WASHINGTON-Wireless-wireline interconnection reforms proposed by federal regulators mark the beginning of a revolutionary process to redefine the relationship between commercial mobile radio service providers and local telephone companies, an exercise tied to the broader policy goal of local competition.
In addition to establishing interconnection parity, policymakers want to level the playing field in local markets by developing new procedures for distributing telephone numbers, area codes and specialty codes and for transferring consumers’ telephone numbers from, for example, a wireline to a wireless carrier. The process is called portability.
The transition from a monopoly to a competitive environment in the local telephone market is unlikely to be smooth. For one thing, the jurisdictional boundaries for interconnection and numbering issues are not entirely clear. Generally speaking, the Federal Communications Commission oversees interstate telecommunications and states regulate intrastate traffic.
Within the FCC, the lines of authority governing wireless-wireline interconnection are blurred as well.
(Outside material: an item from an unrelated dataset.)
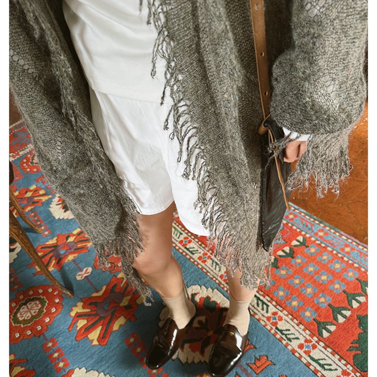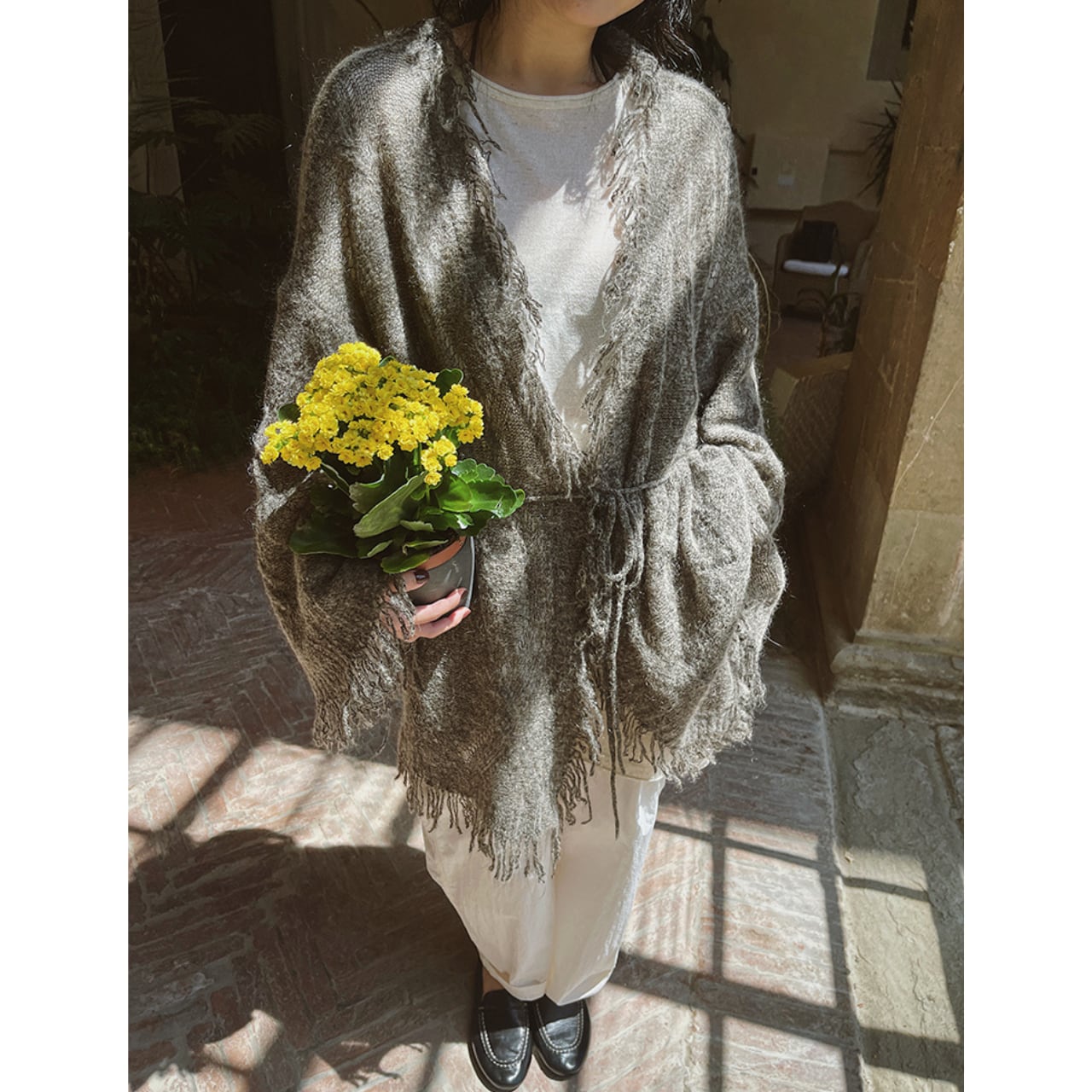 いつものコーディネートにトレンド感をプラスする、フリンジ付きのニットカーディガン。

The telecommunications reform bill struggling toward passage in the GOP-led Congress should offer some direction in that regard, though the FCC is not waiting.
Michele Farquhar, new chief of the Wireless Telecommunications Bureau, has said that local competition depends on interconnection guidelines being fair and equitable across the board. But the CMRS-LEC interconnection proceeding is in the hands of the Common Carrier Bureau, which is more familiar with traditional monopoly local landline telephone regulation.
However, that historic bias is offset to some degree by the fact that the Common Carrier Bureau is headed by Regina Keeney, who until just recently was chief of the Wireless Telecommunications Bureau.
The “bill and keep,” or reciprocal termination plan proposed on an interim basis by the FCC last month calls for wireless and wireline carriers to keep revenues from calls each generates and to terminate the others’ traffic at no charge. That model currently is used by LECs for terminating each others’ traffic and by Internet online network service providers.
Bell and other local telephone companies today charge paging, cellular, specialized mobile radio and personal communications services operators between two and three cents per-minute to terminate wireless signals on the landline network, according to industry figures. Yet wireless carriers receive no compensation for terminating calls that originate on the landline network. It is estimated that cellular carriers paid $800 million to LECs in 1994.
The FCC also is considering flat-rate access fees for dedicated transmission facilities connecting LEC and CMRS networks, believing such charges should approximate those associated with similar interconnection arrangements, and that details about them should be public.
That the FCC proposed to embrace an interim CMRS-LEC interconnection policy is particularly significant, according to Cellular Telecommunications Industry Association President Thomas Wheeler. He called the FCC initiative the most important in years-in financial terms-for the wireless telecommunications industry.
The United States Telephone Association, while declining to comment on the specifics of the proposal, said it would have preferred to see the issue addressed in a comprehensive interconnection rulemaking proceeding.